** Opening Exercise data block **

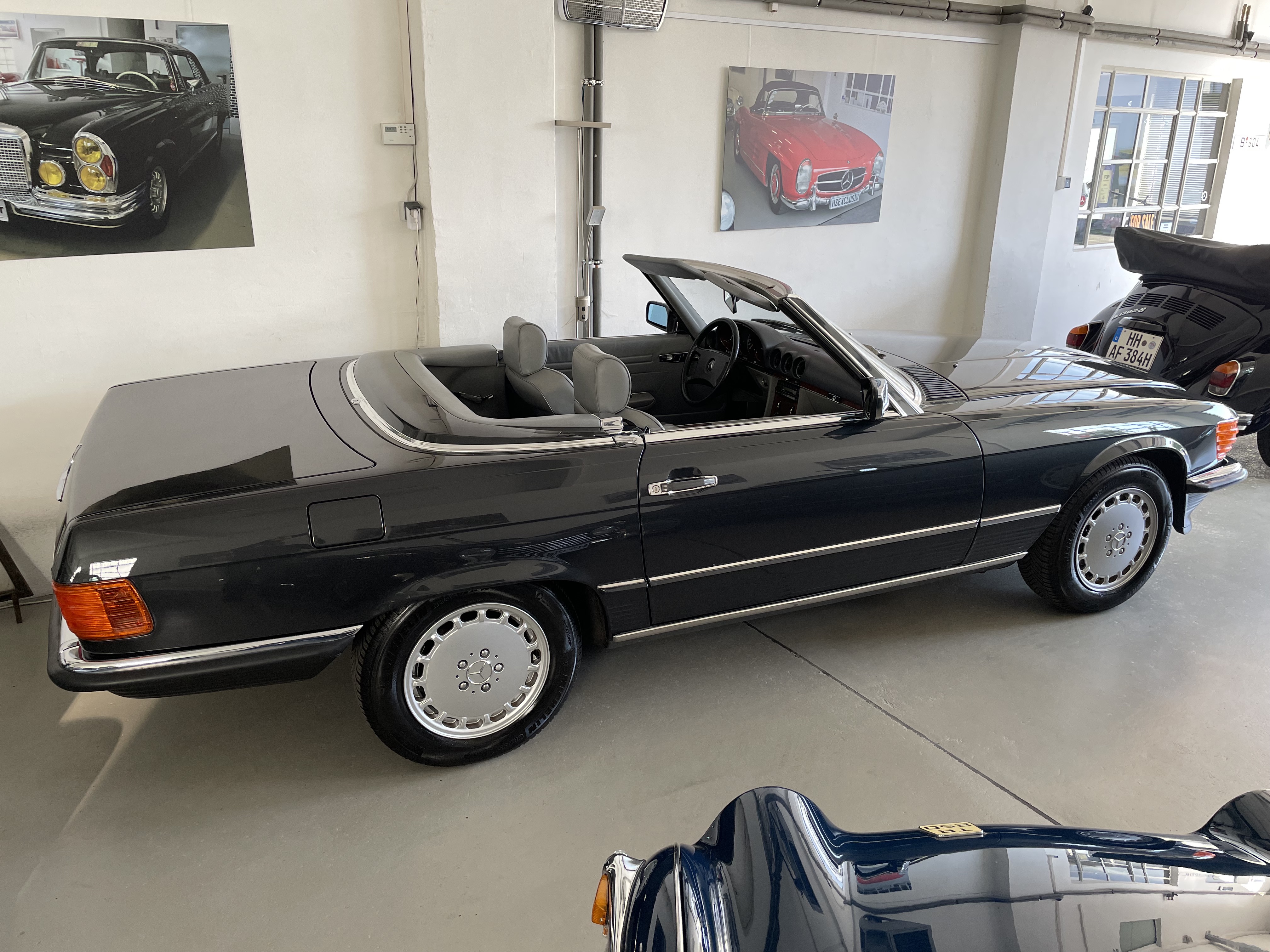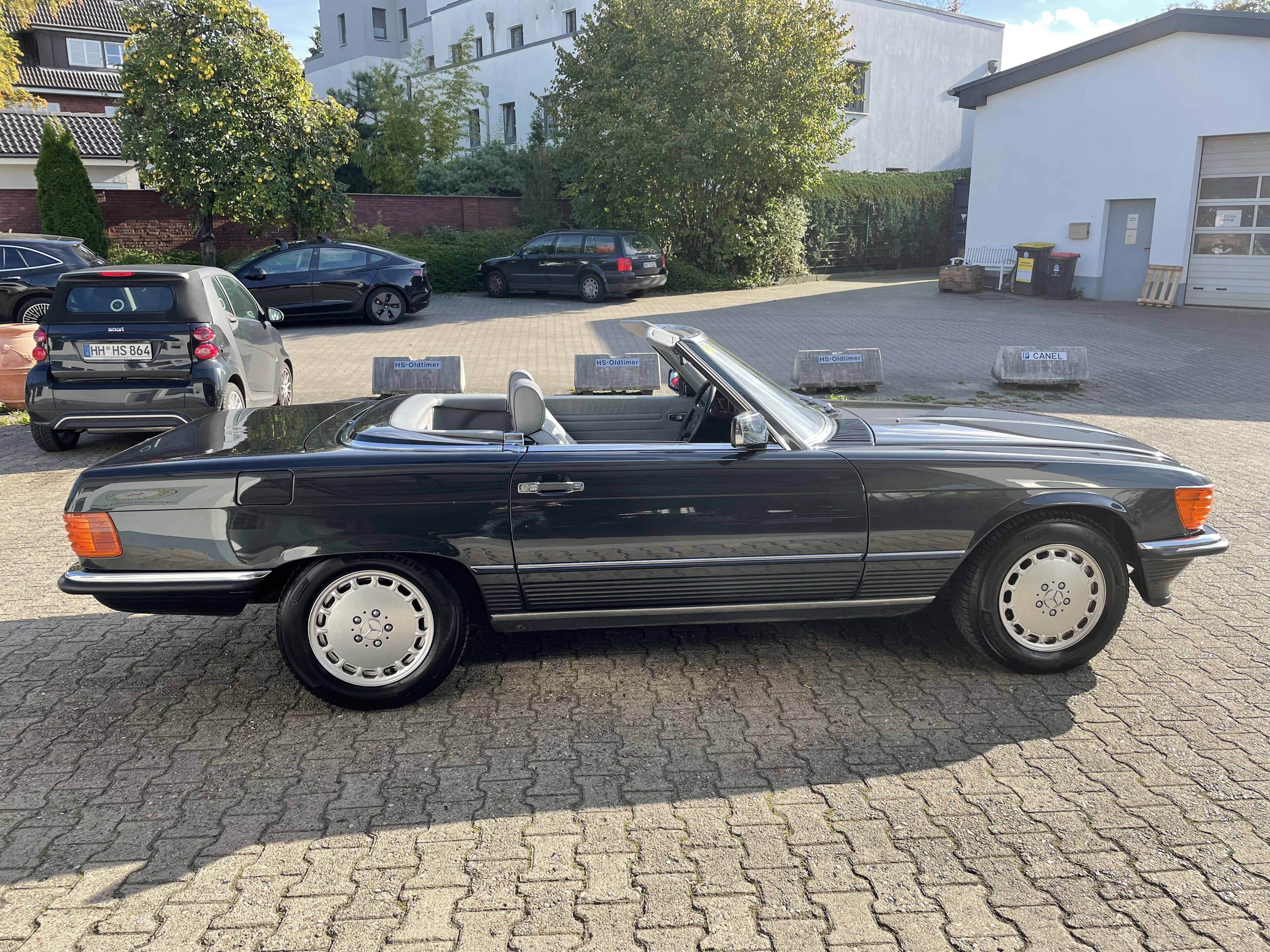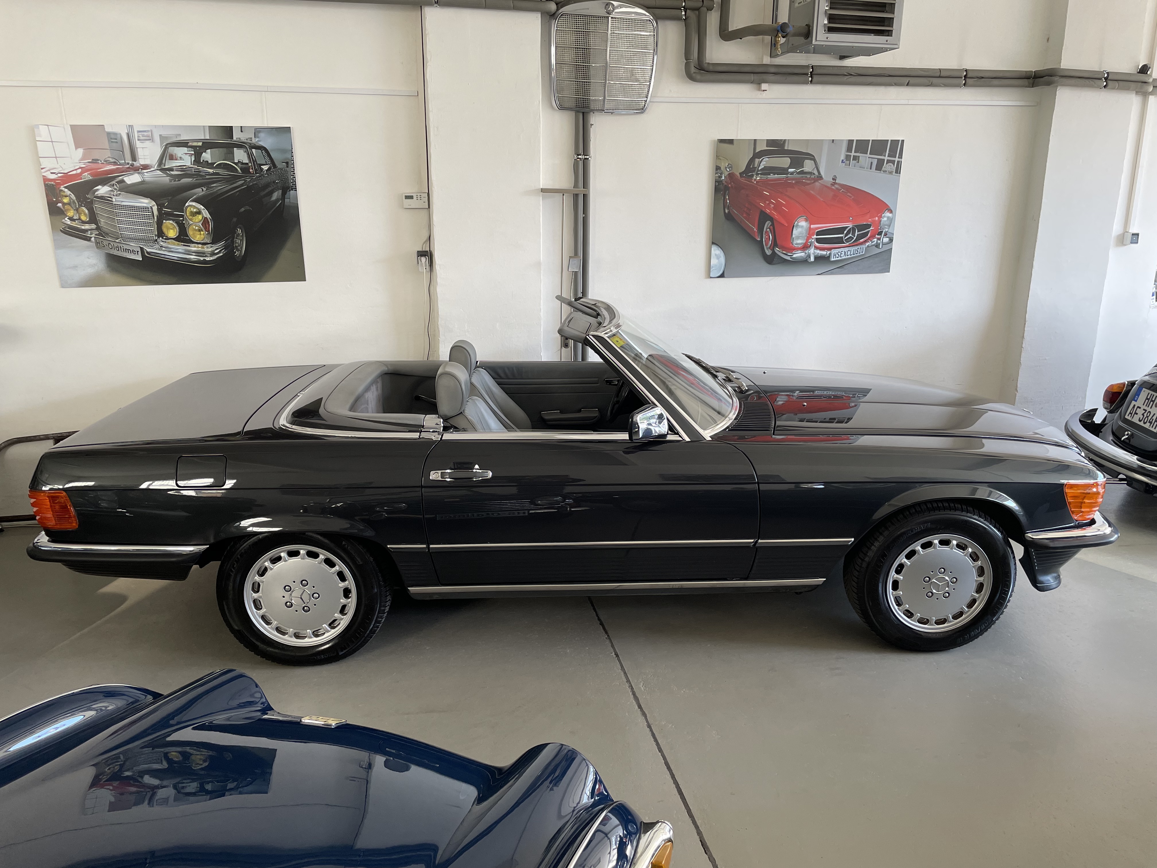 Dieser 300 SL ist in Lübeck ausgeliefert worden und ende der 90er Jahe aus 1. Hand nach Spanien exportiert.  Von 1998 bis heute gab es nur einen Halter in Spanien.  Die Bordmappe, mit Serviceheft und Bedienungsanleitung, ist vorhanden.  Die Laufleisgung ist gut nachvollziehbar.  Im spanischen Fahrzeugschein sind zwei TÜV-Stempel, von 2016 und 2019, die sich unter anderem mit dem spanischem CarFax decken.  Der SL stand immer in einer trockenen Garage.  Wer einen richtig schönen 300 SL mit sehr wenig Kilometern sucht, sollte sich diese auf jeden Fall einmal anschauen, es lohnt sich wie immer bei uns. Wir freuen uns auf Ihren Anruf und Besuch. Weitere Infos und schöne Oldtimer finden Sie auf unserer eigenen Homepage:                   www.hs-oldtimer.de
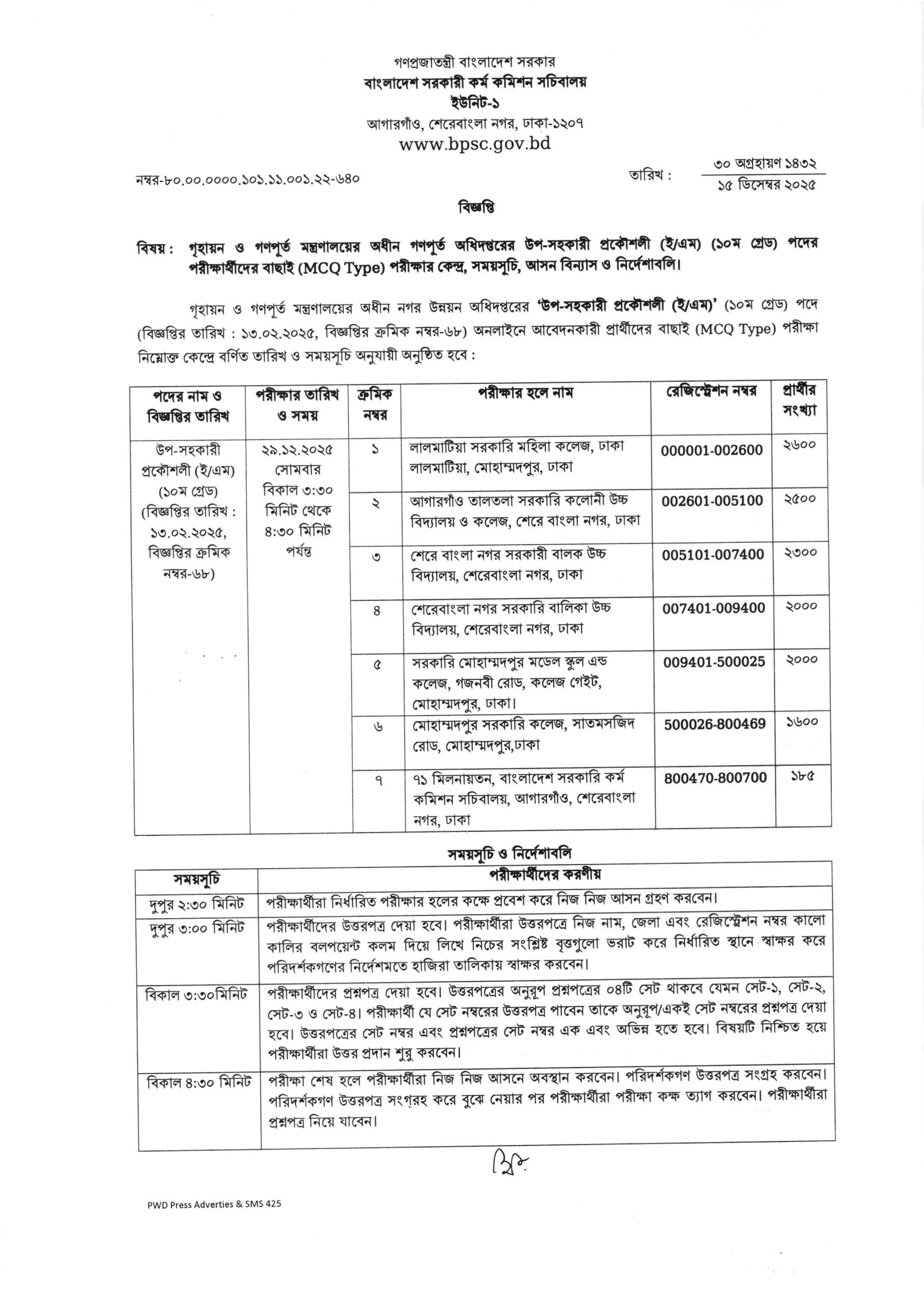 গৃহায়ন ও গণপূর্ত মন্ত্রণালয়ের অধীন গণপূর্ত অধিদপ্তরের উপ-সহকারী প্রকৌশলী (ই-এম) (১০ম গ্রেড) পদের পরীক্ষার্থীদের বাছাই (MCQ Type) পরীক্ষার কেন্দ্র, সময়সূচি, আসন বিন্যাস। পরীক্ষার তারিখঃ ২৯ ডিসেম্বর ২০২৫।
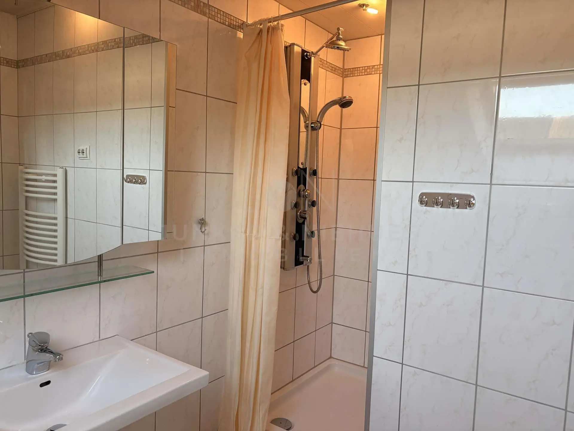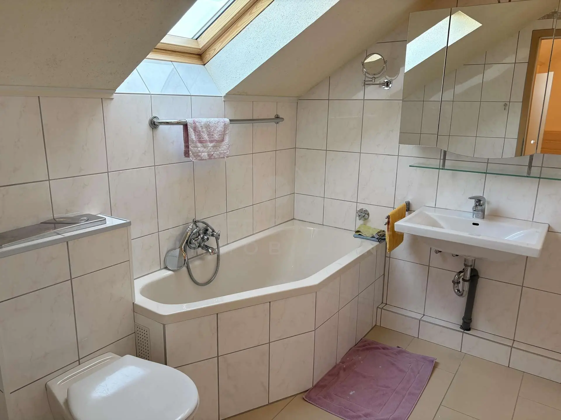 Im Obergeschoss befinden sich zwei individuell nutzbare Zimmer, die sich beispielsweise als Schlafzimmer, Kinderzimmer oder Homeoffice eignen, sowie ein schönes Badezimmer mit Dusche und Badewanne.
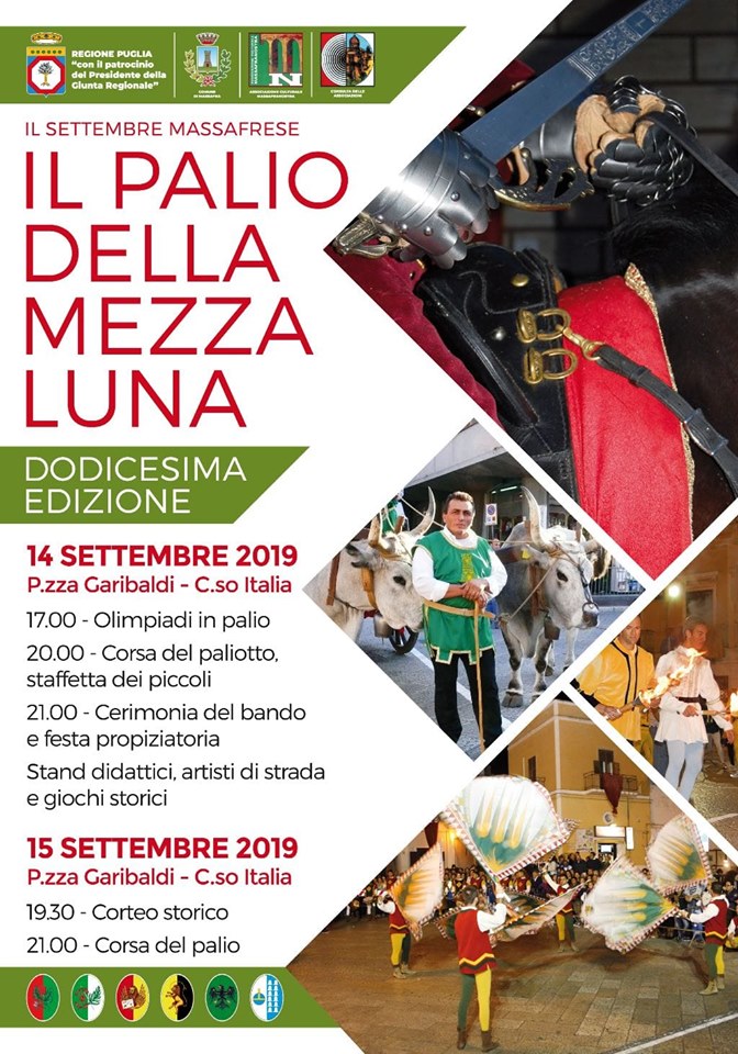 Dopo un anno di pausa, torna il “Palio della Mezzaluna”, a cura dell’associazione culturale “MassafraNostra“, con il patrocinio della Regione Puglia, presidenza della giunta regionale, del Comune di Massafra e della “Consulta delle Associazioni”.
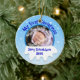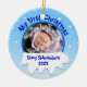 Cet ornement fait sur commande de Noël de photo a un secteur circulaire où vous pouvez mettre l'image de votre bébé. L'ornement indique, "mon premier Noël." Au-dessous de lui, il y a une pile de neige, et vous pouvez ajouter votre nom fait sur commande et l'année pour le personnaliser.

** Closing Exercise data block **

■ Goal of the exercise
Everything from the line containing "Dopo un anno" to the last line of the listing above is to be written out exactly, except the pictures, and nothing else.

■ Response area
 Dopo un anno di pausa, torna il “Palio della Mezzaluna”, a cura dell’associazione culturale “MassafraNostra“, con il patrocinio della Regione Puglia, presidenza della giunta regionale, del Comune di Massafra e della “Consulta delle Associazioni”.
 Cet ornement fait sur commande de Noël de photo a un secteur circulaire où vous pouvez mettre l'image de votre bébé. L'ornement indique, "mon premier Noël." Au-dessous de lui, il y a une pile de neige, et vous pouvez ajouter votre nom fait sur commande et l'année pour le personnaliser.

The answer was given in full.